53 Mass. App. Ct. 41 | Mass. App. Ct. | 2001
On November 9, 1998, the defendant was charged in Ware District Court with operating under the influence of liquor (G. L. c. 90, § 24), failure to drive in the right hand lane (G. L. c. 89, § 4B), and leaving the scene of a property-damage accident (G. L. 90, § 24). On January 8, 1999, the defendant admitted to sufficient facts to warrant a finding of guilty to the charges of operating under the influence of liquor and leaving the scene of a property-damage accident.
On May 17, 1999, a restitution hearing was held. The vehicle, a 1984 Ford LTD Crown Victoria, was registered to a Rene Paquette and was being driven by his wife, Sylvia, at the time of the accident. It was undisputed that the vehicle was a total loss after the accident. Rene testified that the vehicle had been serviced every two thousand miles, was in excellent condition, and that, in his opinion, the value of the motor vehicle at the time of the accident was $2,500. He collected $1,995 from his insurance company.

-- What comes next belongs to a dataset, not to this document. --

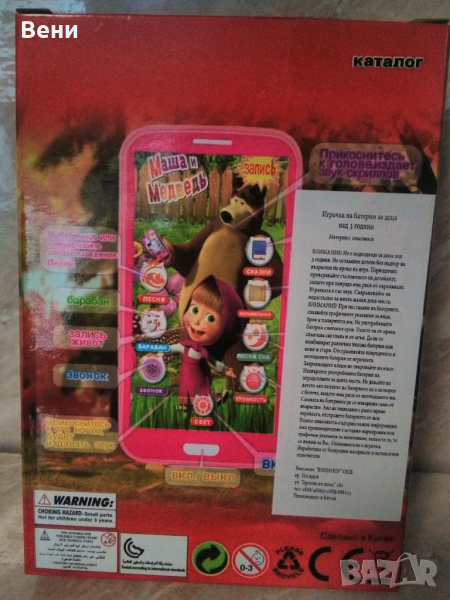 Забавен детски образователен смартфон на руски език "Маша и мечока". Има много песнички и приказки на руски език, а също и мелодии. Различни рингтонове и функция за запис и възпроизвеждане. Реагира при докосване, като издава различни звуци. Регулиране силата на звука, фенерче. Работи с батерии 3/1.5v.(изпращам за проба). Размери 14/7/1,5см.. Размери на кутията 17/12/2,5см. Изпращам с Еконт или Спиди, с преглед и тест!

Rene also testified that he replaced the destroyed vehicle with a 1992 Buick LeSabre automobile for which he paid $7,800. He also paid $450 to Brochu Insurance Company to register the vehicle, including the sales tax. In order to finance the purchase, the Paquettes withdrew money from their Christmas Club account and paid the balance by charging it to their Visa credit card account. As of the date of the restitution hearing, the service fees and accumulated interest charges totaled $373.50.
The judge ordered the defendant to pay restitution to the Paquettes in the amount of $6,630.50. The judge reached that amount by adding the price of the 1992 Buick LeSabre, $7,800, the cost to register the car including the sales tax, $455, and the service fee and interest charges of $373.50. From that amount she deducted the insurance proceeds of $1,995
On appeal, the defendant claims that the restitution amount was excessive in view of the evidence of the value of the destroyed vehicle.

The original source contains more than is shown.